#### GIVEN DATA:
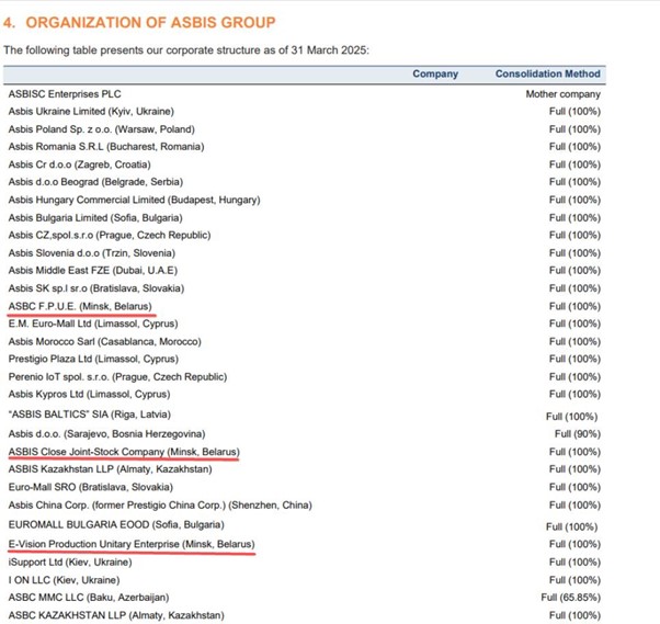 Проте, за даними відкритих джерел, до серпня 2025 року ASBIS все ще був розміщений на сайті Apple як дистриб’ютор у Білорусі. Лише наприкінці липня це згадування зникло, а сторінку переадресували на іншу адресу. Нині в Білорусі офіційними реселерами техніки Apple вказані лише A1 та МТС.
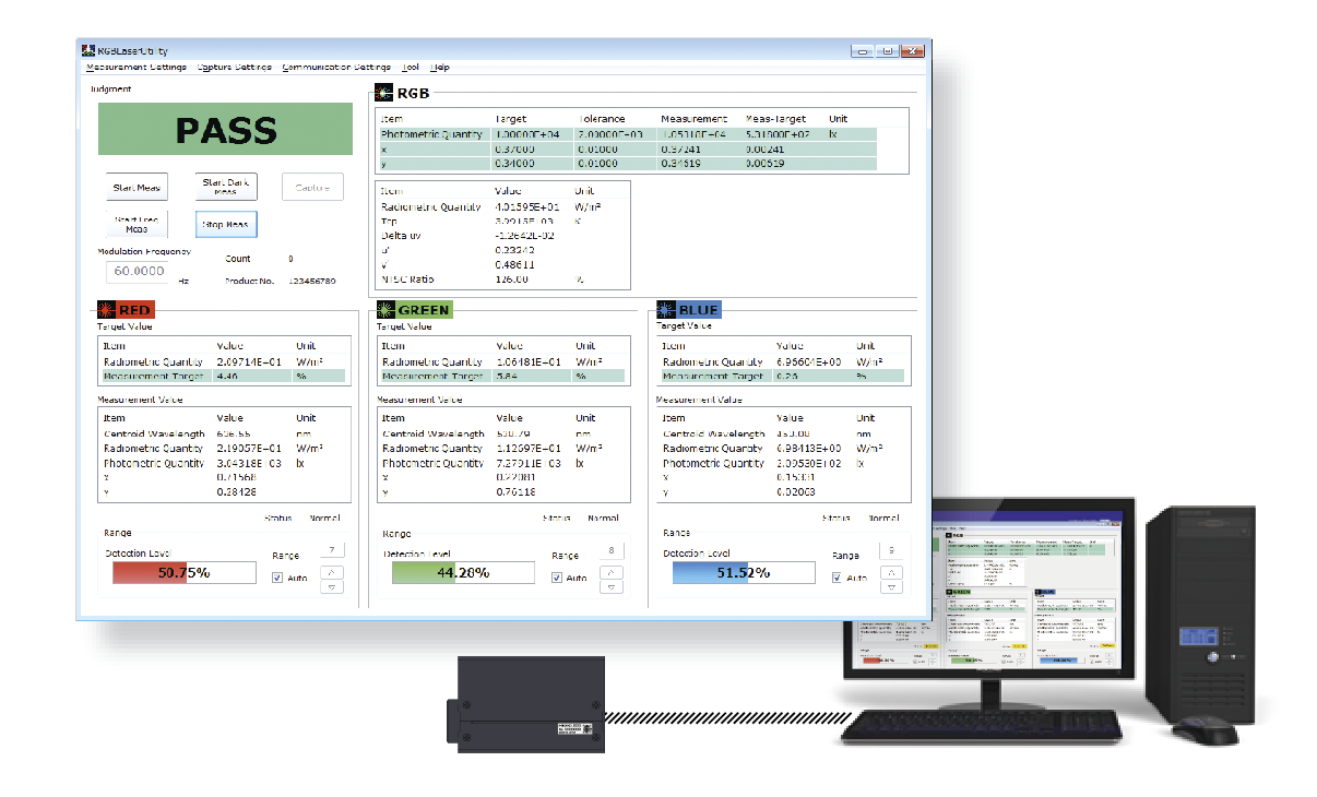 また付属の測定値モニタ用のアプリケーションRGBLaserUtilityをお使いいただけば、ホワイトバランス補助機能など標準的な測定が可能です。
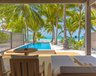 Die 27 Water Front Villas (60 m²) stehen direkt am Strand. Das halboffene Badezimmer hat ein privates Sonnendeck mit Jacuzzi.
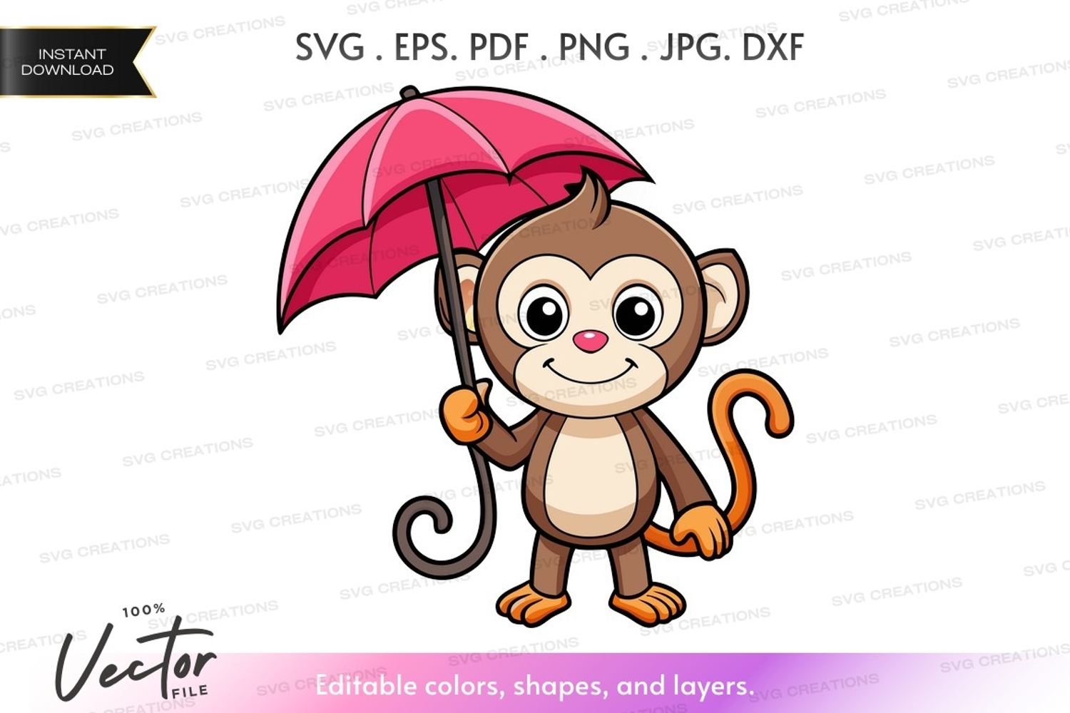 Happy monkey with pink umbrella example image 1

#### TASK REQUIREMENTS:
Without the pictures, transcribe exactly the lines above from the one containing "また付属の測定値モニタ用のア" through the last.

#### RESULT FOR THIS EXERCISE:
 また付属の測定値モニタ用のアプリケーションRGBLaserUtilityをお使いいただけば、ホワイトバランス補助機能など標準的な測定が可能です。
 Die 27 Water Front Villas (60 m²) stehen direkt am Strand. Das halboffene Badezimmer hat ein privates Sonnendeck mit Jacuzzi.
 Happy monkey with pink umbrella example image 1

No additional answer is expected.